Ayer, miércoles de ceniza, falleció en Sevilla, a los 69 años de edad, Manuel Benigno García Vázquez, sacerdote muy vinculado a la ciudad en la que ejerció buena parte de su labor pastoral. García Vázquez había nacido en Sevilla el 26 de marzo de 1935. Entró en el seminario sevillano donde cursó sus estudios eclesiásticos y fue ordenado sacerdote el 18 de junio de 1961. Sus primeros destinos como presbítero fueron los de coadjutor en las parroquias sevillanas de San José Obrero y San Benito.
Posteriormente, fue enviado a la Universidad de Navarra a cursar estudios de Derecho Canónico, de los que era licenciado y doctor. De vuelta a Sevilla fue nombrado canónigo doctoral de la Santa Iglesia Catedral. Durante diez años, de 1983 a 1993, fue secretario general y canciller del Arzobispado de Sevilla.

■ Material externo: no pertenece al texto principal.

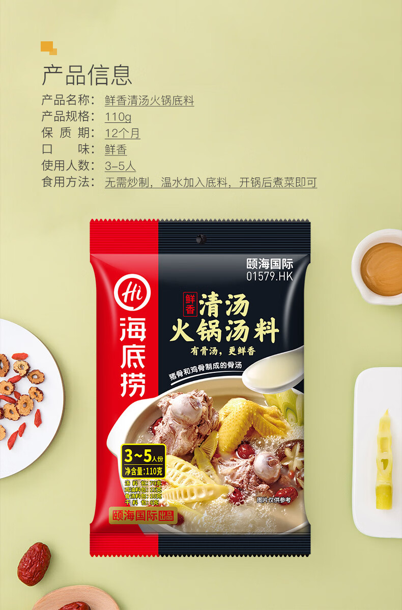 海底撈 火鍋底料 鮮香清湯火鍋底料110g 3~5人份骨湯鮮香 一料多用

No fue hasta después de la Expo’92, cuando se puso en marcha la Fundación Forja XXI, donde se han formado más de diez mil jóvenes. Como presidente que fue de esa Fundación desde 1994, afirmaba que quería devolverle a la sociedad “parte de lo que la sociedad le dio en su día”.
Ayer, de siete a siete y media de la tarde, las campanas de la Giralda repicaron a duelo en su memoria. A las once de la mañana de hoy el cardenal presidirá en la Catedral su funeral.